Factorial(#5) Add(5 4) Algorithm:Reduce(Add 1 2 3 4)Some function calls

(somesymbol(1 3)) /* this is a function call in parentheses */ (somesymbol (1 3)) /* this is a 3-member tuple! */Whitespace is important to disambiguate functions and tuples!

### Infix Functions

The Kronos parser translates some infix operators to functions for a more readable syntax. The following relations apply:

a + b /* Add(a b) */ a - b /* Sub(a b) */ a * b /* Mul(a b) */ a / b /* Div(a b) */ a > b /* Greater(a b) */ a < b /* Less(a b) */ a == b /* Equal(a b) */ a != b /* Not-Equal(a b) */ a >= b /* Greater-Equa(a b) */ a >= b /* Less-Equal(a b) */ a & b /* And(a b) */ a | b /* Or(a b) */ a ^ b /* Xor(a b) */

Because some infix characters are legal token characters, infix operators must always be surrounded by whitespace:

much - fun /* becomes Sub(much fun) */ much-fun /* refers to symbol 'much-fun' */

## Definitions

Actual programming in Kronos happens via definitions. For example, to hear an audio output, you define the audio-generating function.

### Symbols

Defining symbols is called *binding*.

Definitions are done via the equality sign.

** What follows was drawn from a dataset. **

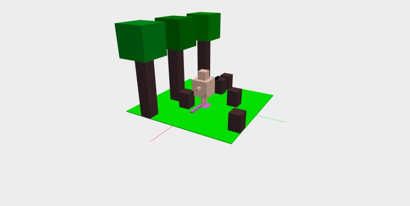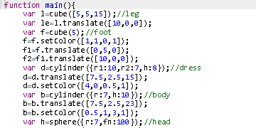 很有想象力,做了一个木偶娃娃,有58行代码。语法也比较工整,配色也比较合理。学了几次课就可以做出这种作品非常不错了!下一步学习需要用函数将复杂几何体封装,这样代码复用性会更高,也可以做出更复杂的作品,加油!
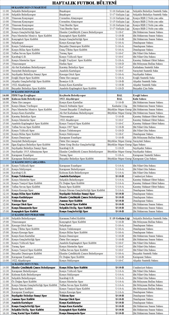 KONYA futbolunda hafta sonu dolu dolu geçecek. Bölgesel Amatör Lig’de (BAL) Kulu Belediyespor ile 1922 Akşehirspor karşılaşacak. Ereğlispor, Keçiborlu Belediyespor’u ağırlayacak. Konya Amatör Süper Grup’ta 3. hafta maçları oynanacak. Kadınlar 2. Ligi’nde Konya İdmanyurdu, Denizli Sultanspor’u ağırlayacak. Konyaspor’un gelişim takımları, sahasında Alanyaspor ve Yeni Burdurspor ile karşılaşacak. Amatör U18 ve U16 Liglerinde heyecan bugün ve yarın yapılacak maçlarla sürecek. Ayrıca bu liglerde hafta içi maçları da oynanacak. Konya futbolunda haftanın programı şöyle…

a = 5 /* a is now 5 */ x = y / Sqrt(z) /* an expression tied to x */

Defined symbols are unlike variables in two accords; they actually contain the *expression* itself, rather than the value it results in. Secondly, typical to functional languages, once defined, they can never change.

#### Tie-in

Multiple symbols can be defined at once by defining a .

(a b c) = (1 2 3) /* a is now 1, b is 2... */

Tie-in is mostly useful when you receive a tuple that is bound to a symbol. The tuple can be deconstructed with a partial tie-in:

/* suppose list = (1 2 3 4 5) */ (x xs) = list /* x is now 1, xs is (2 3 4 5) */

Together with recursion, partial tie-in is used for loop-like constructs.

#### Ignore-binding

You can use '_' as a special symbol that never actually gets defined. Useful as a part of a tie-in, you can use it to ignore certain parts of the tuple.

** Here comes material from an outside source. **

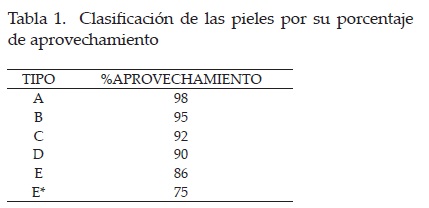 Una vez definida la orden de producción, se selecciona un conjunto de pieles con la cantidad de piel necesaria para realizar las piezas. Para esto se considera la cantidad de piel por cada zona de calidad de las mismas, determinada por las partes a acomodar en cada zona, así como la distribución de los diferentes tipos de piel existentes en el almacén. El costo de producción queda severamente afectado por la cantidad de pieles seleccionadas de cada tipo (tabla 1).

someSurroundSignal = (l1 c1 r1 ls1 rs1 lfe) (l2 _ r2 _) = someSurroundSignal

In this exampe, l2 and r2 were bound to l1 and r1, while the rest of the elements are just ignored.

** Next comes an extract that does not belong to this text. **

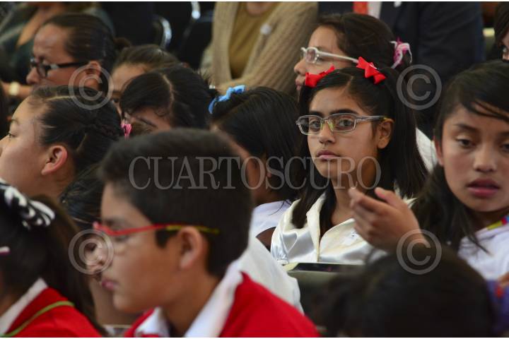 MÉXICO, DF, 22NOVIEMBRE2013.- El programa “Ver Bien para aprender Mejor”, una iniciativa de Segob, la asociación México Nos Mueve la Paz y el DIF nacional tiene como objetivo mejorar la calidad de vida y el nivel educativo de niños de escuelas primarias de estados como Hidalgo, Puebla y Querétaro, para alejarlos del crimen y la violencia. La meta del programa es entregar 567 mil pares de lentes. Se estima que el 75% de los alumnos mejorará sus calificaciones si tienen acceso a este programa. Angélica Rivera de Peña, presidenta del Consejo Ciudadano Consultivo del Sistema Nacional para el Desarrollo Integral de la Familia (DIF), no asistió. FOTO: MARÍA JOSÉ MARTÍNEZ / CUARTOSCURO.COM

The first '_' corresponds to c1 and the second one to the tuple (ls1 rs1 lfe).

### Functions

Function definitions look like so;

MyFunction(x y z) { MyFunction = x + y + z }

The first line contains the function name and the argument tuple. In the consequent wavy brackets, the function bodies are given by way of defining a symbol eponymous to the function.

This particular example computes the sum of three numbers.

To call the function, attach an argument tuple;

MyFunction(1 2 3) /* returns 6 */

If you refer to the function name without arguments, it evaluates to the *definition* of the function itself. This way, you can use function definitions as data.

#### Polymorphism

Multiple definitions for a function can be given at once. This allows the function to behave differently according to its arguments.

SumNumbers(numbers) { (a b) = numbers SumNumbers = a + b /* second form */ (x y z) = numbers SumNumbers = x + y + z }

This function can sum either three or two arguments.

Polymorphism is often most useful in the case of recursion:

SumNumbers(numbers) { SumNumbers = numbers /* second form */ (n ns) = numbers SumNumbers = n + SumNumbers(ns) }

This function can sum any number of arguments; while the 'numbers' argument can be tied-in to (n ns), the function calls itself with 'ns' as the argument and adds the result to 'n'. At some point, 'numbers' is going to be a single number, at which point the first definition will be used instead.